TASK DIRECTIONS:
Pictures stay out of the copy. Transcribe exactly the lines from the line with "熟料方面,截至3月7日,全國" through the final line of the records.

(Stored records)

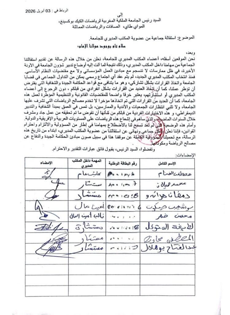 المعطيات التي كشف عنها بيان منسوب لعدد من أعضاء المكتب المديري، توصلت به منصة “mmamag”، لا تُقرأ فقط باعتبارها تصفية حسابات داخلية، بل كعرض تفصيلي لاختلالات يُشتبه في أنها بنيوية، تتعلق بأسلوب اتخاذ القرار، وتدبير الموارد، والعلاقة مع مختلف مكونات المنظومة. فالأعضاء المستقيلون يتحدثون عن “نمط تسيير فردي” يتجاوز المؤسسات، حيث تُتخذ القرارات – وفق روايتهم – خارج أي إطار تشاوري، في تغييب واضح لأدوار المكتب المديري، الذي يفترض أنه السلطة التداولية الأولى داخل الجامعة.
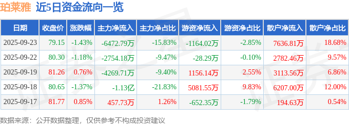 证券之星消息,截至2025年9月23日收盘,珀莱雅(603605)报收于79.15元,下跌1.43%,换手率1.3%,成交量5.16万手,成交额4.09亿元。
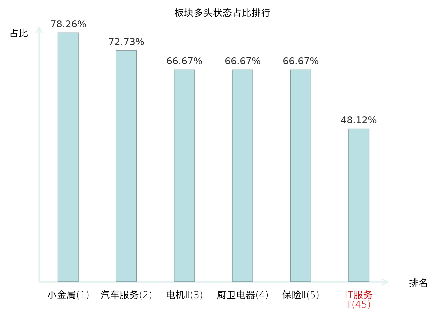 全市场所有行业板块中主力多头状态占比排名中,小金属板块位居第一。农业综合Ⅱ板块名次提升最快,较昨日上升88位。
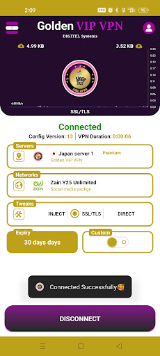 GOLDEN VIP NET - Secure Fast VPN is an online VPN service provider with several robust VPN protocols (UDP, TLS, TCP, HTTP, HTTPS, SSH, DNS, Wireguard, Openvpn, Onenconnect, Anyconnect) and blazing fast VPN connection. No further configuration is needed. With only one click, you can access any website and application.
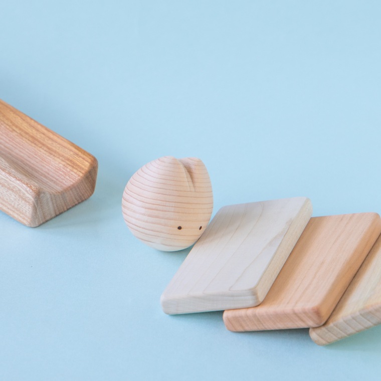 耳や鼻など、それぞれ個性的な形を持つ動物たちは、転がり方も個性的。 まんまるな球にはない、心地よいカラコロ音を奏でながら、不規則に転がります。
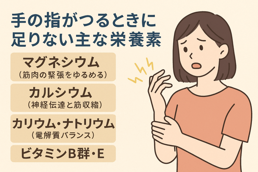 「朝食を抜く」「忙しくて外食中心」「ダイエットで炭水化物を制限している」などの生活パターンでは、マグネシウムやビタミンB群などが不足しやすい傾向があると言われています。また、ストレスや睡眠不足も栄養の吸収を妨げ、体のバランスを崩す要因になります。手の指が頻繁につる人は、食生活だけでなく生活リズム全体を見直すことが大切です。
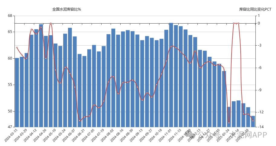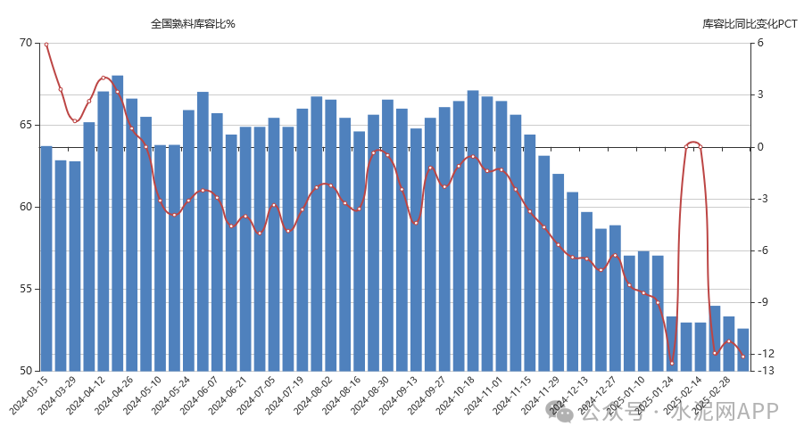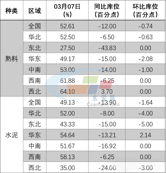 熟料方面,截至3月7日,全國(guó)熟料庫(kù)容比為52.61%,連續(xù)下降2周,較去年同期下降12%。
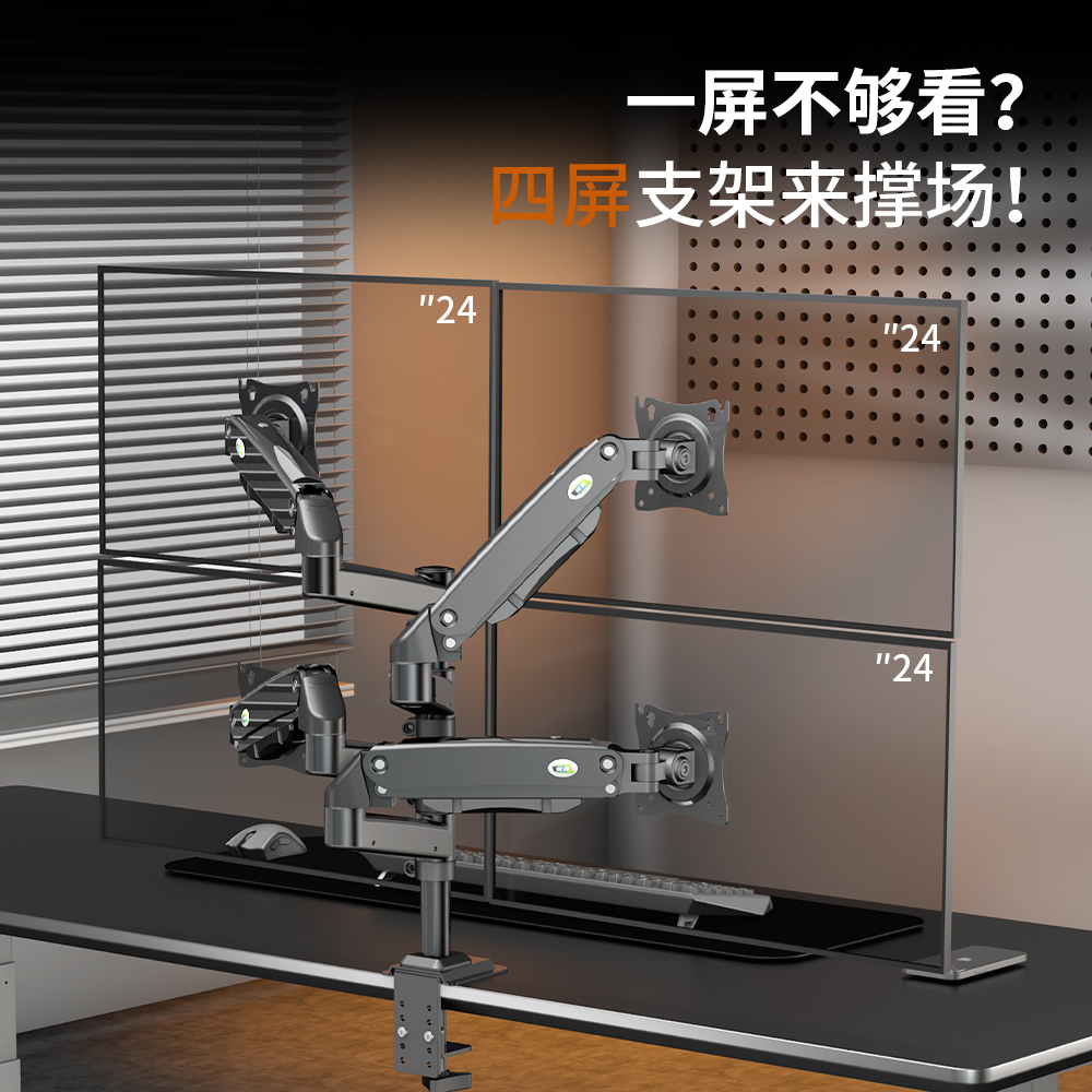娱旭显示器支架双屏三屏四屏电脑显示屏幕机械臂一拖二合一可升降

ANSWER BELOW:
 熟料方面,截至3月7日,全國(guó)熟料庫(kù)容比為52.61%,連續(xù)下降2周,較去年同期下降12%。
娱旭显示器支架双屏三屏四屏电脑显示屏幕机械臂一拖二合一可升降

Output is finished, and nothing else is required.